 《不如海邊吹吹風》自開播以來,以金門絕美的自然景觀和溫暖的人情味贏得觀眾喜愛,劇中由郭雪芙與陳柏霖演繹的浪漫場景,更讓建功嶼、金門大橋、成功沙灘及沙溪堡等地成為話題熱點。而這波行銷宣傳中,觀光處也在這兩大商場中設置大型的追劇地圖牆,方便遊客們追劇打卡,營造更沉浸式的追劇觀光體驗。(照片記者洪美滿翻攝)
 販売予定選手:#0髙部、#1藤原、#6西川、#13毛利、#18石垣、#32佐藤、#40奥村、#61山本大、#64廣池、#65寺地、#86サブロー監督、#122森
...
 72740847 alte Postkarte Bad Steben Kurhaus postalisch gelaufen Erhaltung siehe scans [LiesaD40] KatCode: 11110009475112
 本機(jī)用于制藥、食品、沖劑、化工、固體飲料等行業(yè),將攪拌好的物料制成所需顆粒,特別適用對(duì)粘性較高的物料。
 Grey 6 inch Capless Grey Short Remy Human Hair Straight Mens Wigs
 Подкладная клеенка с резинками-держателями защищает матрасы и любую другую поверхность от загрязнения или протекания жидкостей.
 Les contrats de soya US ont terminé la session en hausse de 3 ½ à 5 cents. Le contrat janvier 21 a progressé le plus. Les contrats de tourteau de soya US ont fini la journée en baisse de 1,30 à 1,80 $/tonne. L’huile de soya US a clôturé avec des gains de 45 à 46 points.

* **Task requirements**
Extract from the records above the lines from the one containing "Подкладная клеенка с" to the one containing "Les contrats de soya", both lines included, exactly as they appear and with nothing else.

* **Answer section**
 Подкладная клеенка с резинками-держателями защищает матрасы и любую другую поверхность от загрязнения или протекания жидкостей.
 Les contrats de soya US ont terminé la session en hausse de 3 ½ à 5 cents. Le contrat janvier 21 a progressé le plus. Les contrats de tourteau de soya US ont fini la journée en baisse de 1,30 à 1,80 $/tonne. L’huile de soya US a clôturé avec des gains de 45 à 46 points.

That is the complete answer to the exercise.